Search code examples
bashshellscriptingnagiosnrpe

Custom written Nagios plugin always returns incorrect value but works on command line


I wrote a plugin that would check to see if two hosts are online at the same time and if so, return a critical. When I run this command locally at the command line the logic works correctly and the echo statements all match up depending on the state of the hosts checked (e.g. "CRITICAL - Both testbed controllers online" or "OK - $VM1 is the only testbed controller online." etc). The problem is that when I run these commands via ./check_nrpe -H <NRPEHost> -c "controller_check" (the same values also show up on the Nagios webpage) It always returns the same value no matter what the status of the hosts: "CRITICAL - Both testbed controllers currently offline" echoing the actual values of $VM1 and $VM2 shows that the initial if check is always being set to 0.

The script works by creating binary values from a ping -c 1 -W 1 $HOSTNAME if check first and then using those values to create the actual alert/exit value. Here's the if statements creating binary values for host online states:

if ping -c 1 -W 1 $VM1HOSTNAME; then
  VM1=1
else
  VM1=0
fi

if ping -c 1 -W 1 $VM2HOSTNAME; then
  VM2=1
else
  VM2=0
fi

And the actual logic that creates the NRPE return:

if [ $VM1 -ne $VM2 ]; then
  if [ $VM1 -gt $VM2 ]; then
    echo "OK - $VM1 is currently the only testbed controller online."
    exit 0
  else
    echo "OK - $VM2 is currently the only testbed controller online."
    exit 0
  fi
elif [ $VM1 -eq $VM2 ]; then
  if [ $VM1 -eq 0 ]; then
    echo "CRITICAL - Both testbed controllers currently offline"
    exit 2
  else
    echo "CRITICAL - Both testbed controllers currently online."
    exit 2
  fi
else
  echo "UNKNOWN - Unable to read output."
  exit 3
fi

I've never written my own NRPE plugin before so I'm assuming I'm doing something simple wrong here but the NRPE plugin writing tutorials I've seen online seem to match up with what I've written. As a sidenote if I use check_ping instead of ping -c 1 -W 1 the values returned are correct but the only value that shows up on the Nagios webpage is the output of the first check_ping command.

For instance (this is correct):

./check_nrpe -H ikor -c "check_testbed_controller_status"
PING OK - Packet loss = 0%, RTA = 0.81 ms|rta=0.811000ms;10.000000;20.000000;0.000000 pl=0%;2;5;0
PING OK - Packet loss = 0%, RTA = 0.79 ms|rta=0.787000ms;10.000000;20.000000;0.000000 pl=0%;2;5;0
CRITICAL - Both testbed controllers currently online.

But the Nagios status information only shows PING OK - Packet loss = 0%, RTA = 0.79 ms instead of the echo statement that I want.

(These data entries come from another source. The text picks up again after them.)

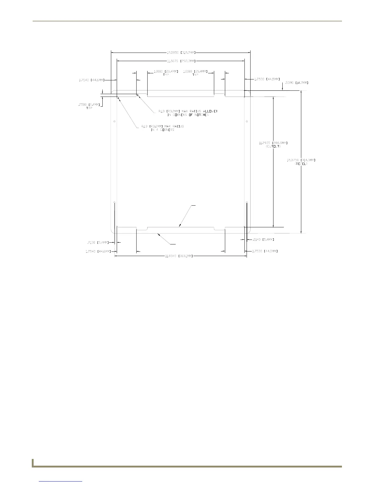 FIG. 39 NXD-1200V 12-inch Wall Mount panel dimensions using expansion clips
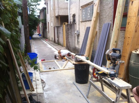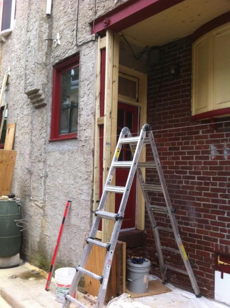 We started the day with a supply run that of course took forever as usual. Then we had to run out again for about an hour and in that time a scrapper must have come up the alley and stole our gate track!!! Yes the key item that holds the whole thing up that is hard to get! They also made off with our gutters that were down for the stucco work and the extra rebar! Ugh … They usual come around the day before trash day picking through so we had placed the material under some plywood. Obviously they still found it… So that was a real downer for the day.
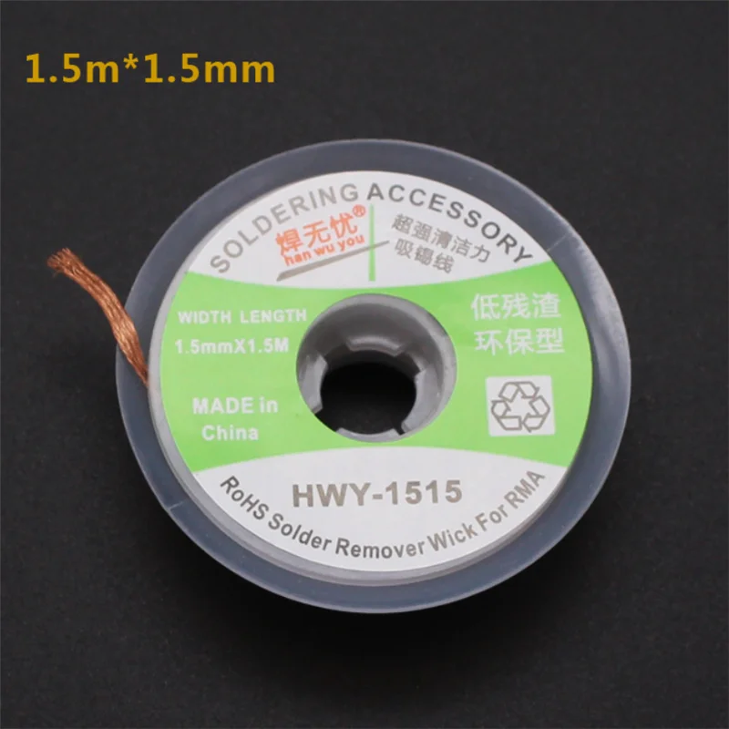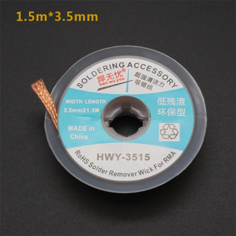 1. Поместите промывочный фитиль над припоем, чтобы быть удаленным, затем нажмите на наконечник нагреваемого паяльника на фитиль для распайки, припой будет поглощен

So I guess if I can either A) fix what's wrong with using /usr/bin/ping for the if check that causes NRPE to always read these hosts as offline (the if check always returns 0) or B) use check_ping but return only the third stdout line to Nagios that has the actual status information. Does anyone have any ideas or reading recommendations for me here? Thanks so much.


Solution

  • Turns out SELinux was preventing /usr/bin/ping from being executed by the NRPE daemon. Rather than attempt to write an SELinux policy to allow this I used the Nagios plugin check_ping and piped output to /dev/null. Final logic of the NRPE plugin looks like this:

    if $NRPEPING -H $VM1HOSTNAME -w 10,2% -c 20,5% > /dev/null 2>&1; then
      VM1=1
    else
      VM1=0
    fi
    
    if $NRPEPING -H $VM2HOSTNAME -w 10,2% -c 20,5% > /dev/null 2>&1; then
      VM2=1
    else
      VM2=0
    fi
    

    Which means that A) I don't have to set SELinux to permissive or allow the NRPE daemon to execute ping and B) my output in the Nagios status information column correctly shows the echo statements and no other information.